Qiu, N., Abegg, D., Guidi, M., Gilmore, K., Seeberger, P. H., & Adibekian, A. (2022). Artemisinin inhibits NRas palmitoylation by targeting the protein acyltransferase ZDHHC6. Cell Chemical Biology, 29(3), 530-537.e7. doi:10.1016/j.chembiol.2021.07.012.

Cite as: https://hdl.handle.net/21.11116/0000-0009-04AF-E

Abstract

Protein S-palmitoylation is a post-translational modification that plays a crucial role in cancer cells by regulating the function and localization of oncoproteins and tumor suppressor proteins. Here, we identify artemisinin (ART), a clinically approved antimalarial endoperoxide natural product with promising anticancer activities, as an inhibitor of the ER-residing palmitoyl transferase ZDHHC6 in cancer cells using a chemoproteomic approach.
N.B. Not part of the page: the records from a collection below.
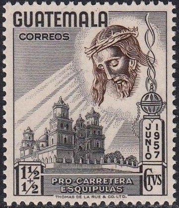 Visibility: public Image owner: none airmail semipostal 11/25/1957 1 1/2c+1/2c grayblk&brn issue=Esquipulas Highway Fund unwmk Crops No visible images cropped from this one. Measurements Resolution is unknown. Source Source name: Colnect File URL: http://i.colnect.net/images/b/2266/938/Jesus-and-Esquipulas-Cathedral.jpg Uploaded February 17, 2015, 5:19 pm by Stan Shebs |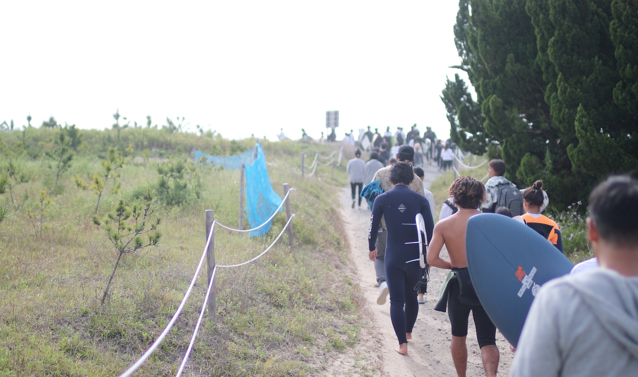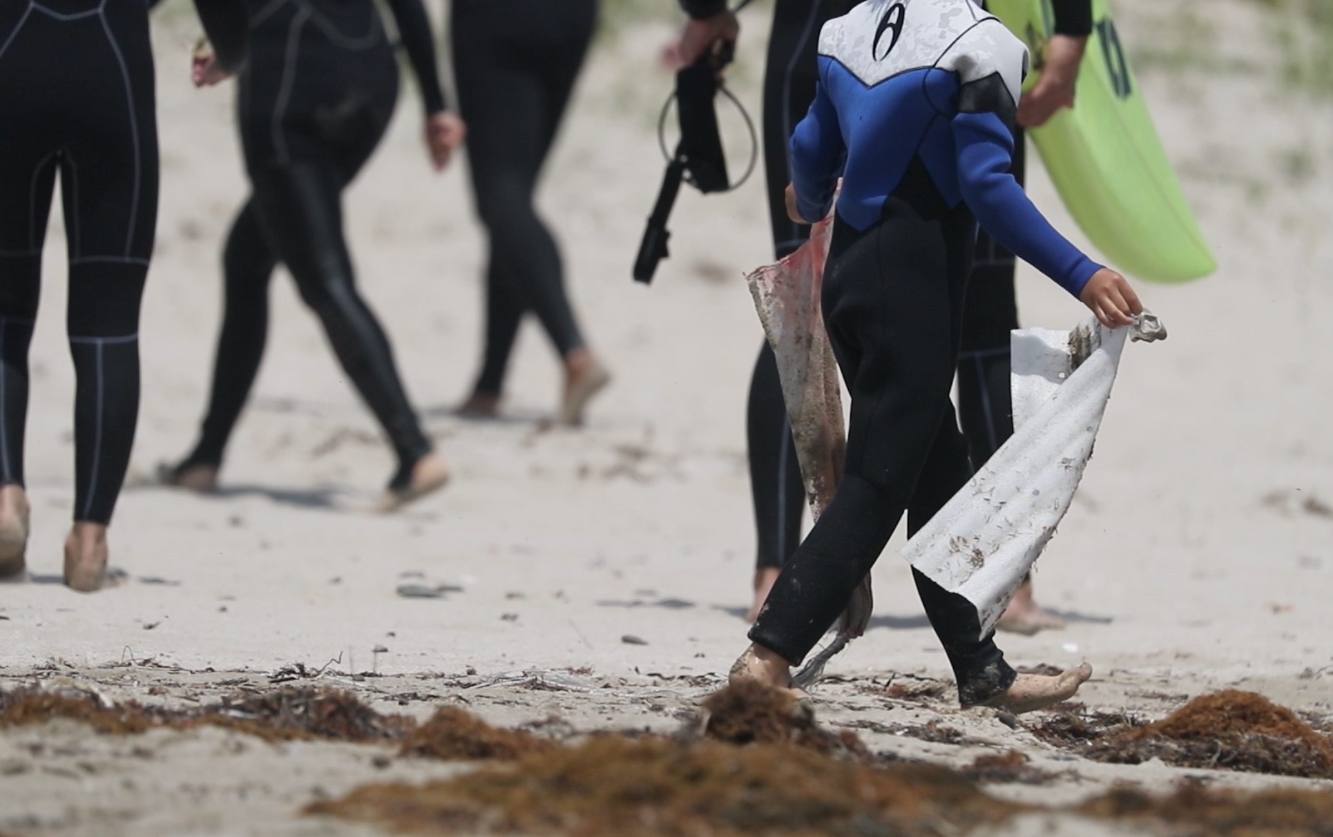 フリーサーフセッションと無料サーフィンスクールを終え、メイン会場のPlaya Surfへ戻る前に、ビーチクリーンも開催。
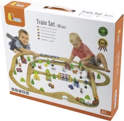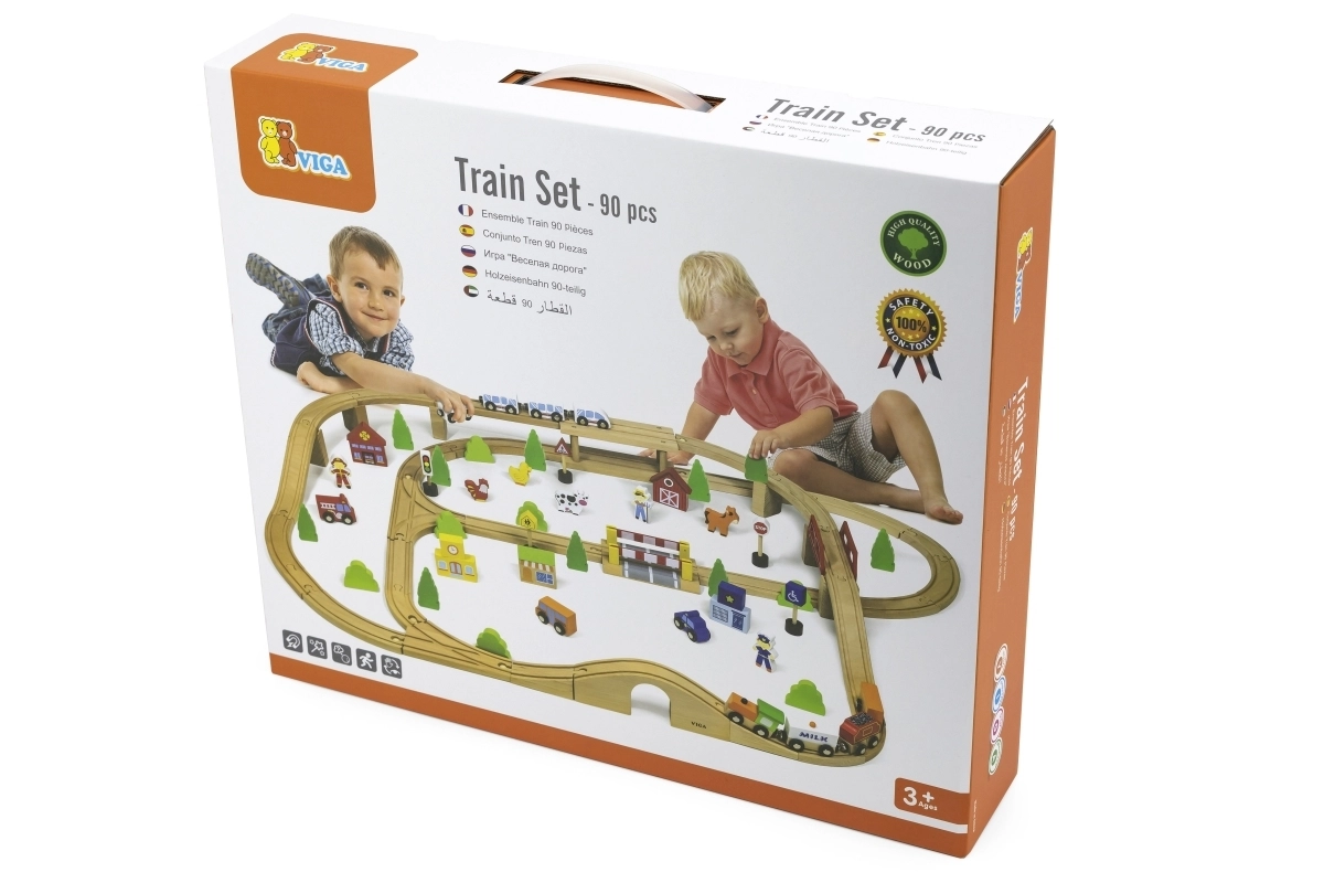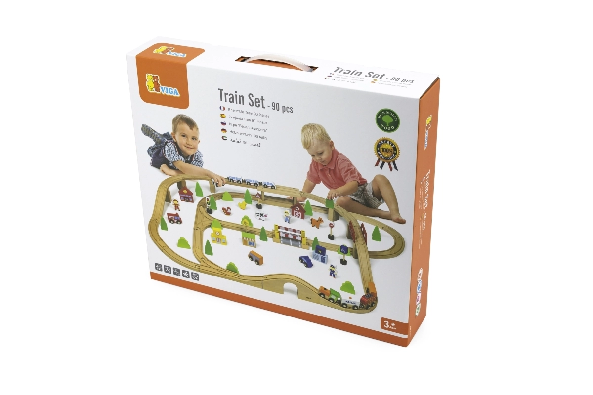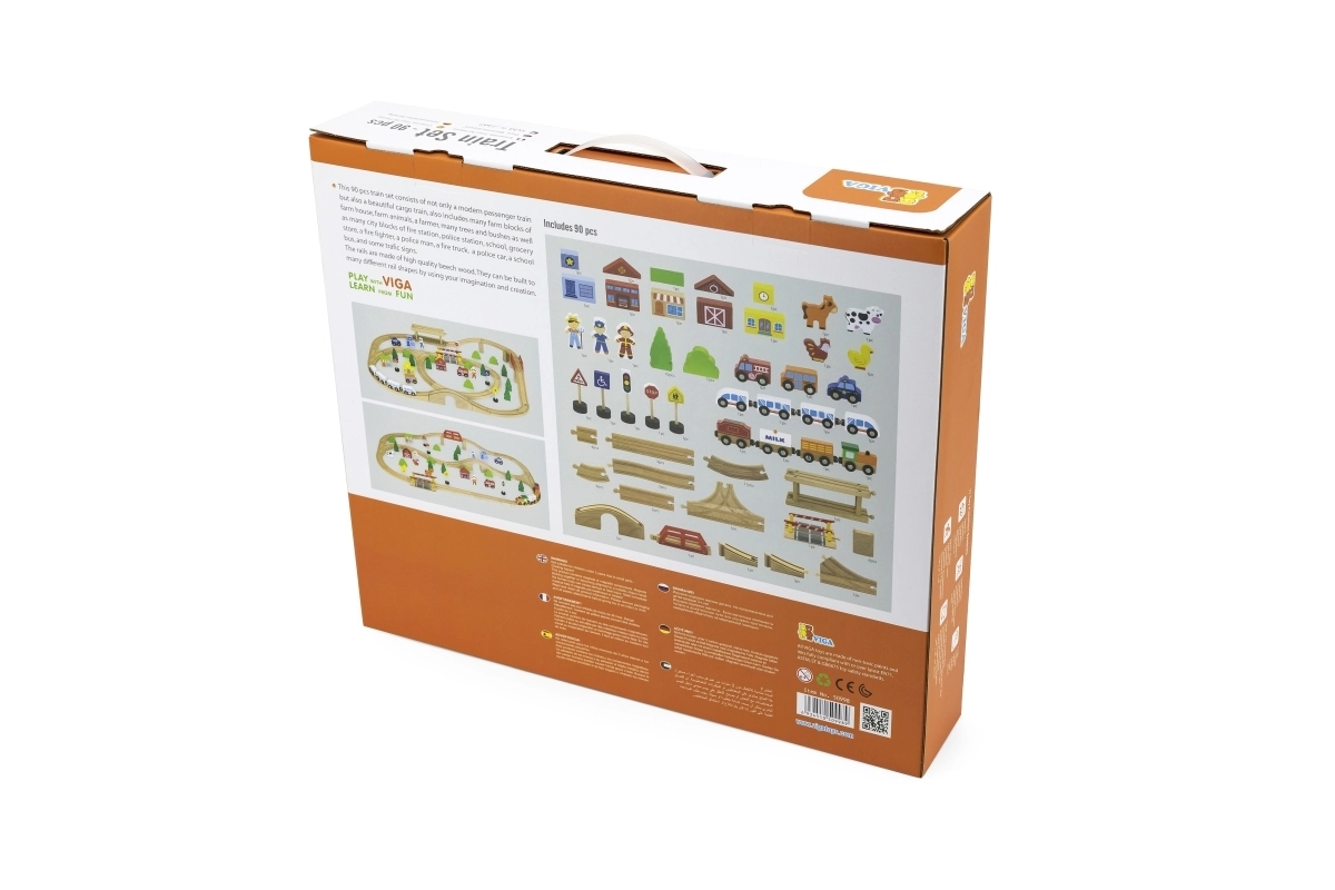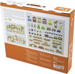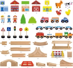 Ši išsami medinė traukinių trasa suteikia vaikams viską, ko reikia susikurti savo mažą pasaulį. Su 90 dalių mažieji statytojai gali derinti įvairių formų bėgius, tiltus ir sankryžas, pridėti transporto priemones, figūrėles ir gamtos elementus. Natūrali mediena kartu su ryškiomis spalvomis kuria laikui nepavaldų įspūdį ir skatina pojūčių suvokimą.

We show that ART covalently binds and inhibits ZDHHC6 to reduce palmitoylation of the oncogenic protein NRas, disrupt NRas subcellular localization, and attenuate the downstream pro-proliferative signaling cascades. Our study identifies artemisinin as a non-lipid-based palmitoylation inhibitor targeting a specific palmitoyl acyltransferase and provides valuable mechanistic insights into the anticancer activity of artemisinins that are currently being studied in human clinical trials for different cancers.